OIL AND NATURAL GAS SEGMENT INFORMATION

  • Completed 95 gross wells during 2009 with a success rate of 94%.
  • Approximately 63% of anticipated natural gas production and 59% of
    anticipated crude oil production is hedged for 2010.
  • Plan to participate in the drilling of 175 wells during 2010 with
    preliminary production guidance of 66.0 to 67.0 Bcfe.

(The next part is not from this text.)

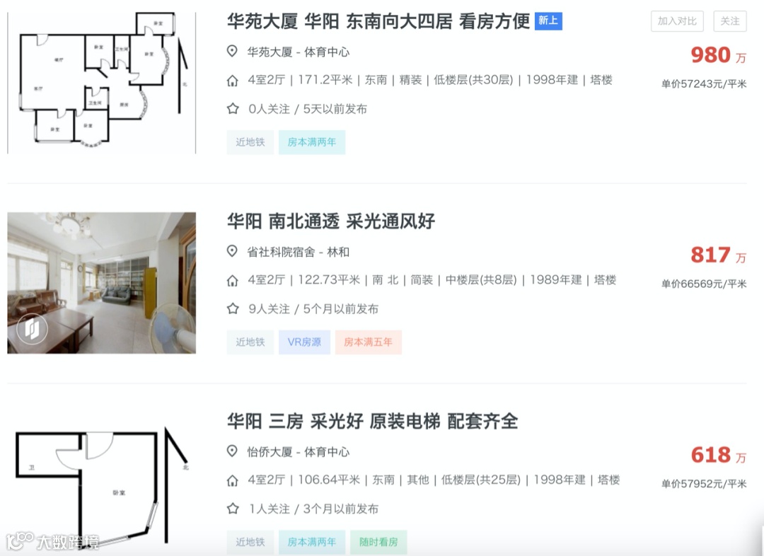 根据链家数据,能满足朱小姐四房+学位要求的,当下放盘仅有5套,选择余地非常少,而且哪怕是1998年的老房子,单价也要5.7万/平。

Fourth quarter 2009 production was 295,000 barrels of oil, in comparison
to 318,000 barrels of oil in the fourth quarter of 2008, a 7% decrease.
Natural gas liquids (NGLs) production during the fourth quarter of 2009
was 346,000 barrels in comparison to 427,000 barrels in the fourth
quarter of 2008, a 19% decrease. Fourth quarter 2009 natural gas
production decreased 15% to 10.5 billion cubic feet (Bcf) from 12.3 Bcf
during the comparable quarter of 2008. Fourth quarter 2009 equivalent
production totaled 14.3 Bcfe, a 15% decrease over the fourth quarter
2008. Total production for 2009 was 60.7 Bcfe, a decrease of 4% over the
63.4 Bcfe produced during 2008.

Unit’s average natural gas price for the fourth quarter of 2009
increased 4% to $5.77 per thousand cubic feet (Mcf) as compared to $5.55
per Mcf for the fourth quarter of 2008. Unit’s average oil price for the
fourth quarter of 2009 was $61.57 per barrel compared to $77.71 per
barrel for the fourth quarter of 2008, a 21% decrease, and Unit’s
average NGLs price for the fourth quarter of 2009 was $26.02 per barrel
compared to $26.17 per barrel for the fourth quarter of 2008, a 1%
decrease. For 2009, Unit’s average natural gas price decreased 27% to
$5.59 per Mcf as compared to $7.62 per Mcf for 2008. Unit’s average oil
price for 2009 was $56.33 per barrel compared to $93.87 per barrel
during 2008, a 40% decrease. Unit’s average NGLs price for 2009 was
$22.81 per barrel compared to $47.42 per barrel during 2008, a 52%
decrease.

For 2010, approximately 63% of the company’s anticipated average daily
natural gas production is hedged and 59% of its anticipated daily oil
production is hedged. The natural gas production is hedged under swap
contracts at a comparable average NYMEX price of $6.95. The average
basis differentials for the swaps are ($0.66). Of the oil hedges, 60%
are under swap contracts at an average price of $61.36 and 40% are under
a collar contract with a floor of $67.50 and a ceiling of $81.53.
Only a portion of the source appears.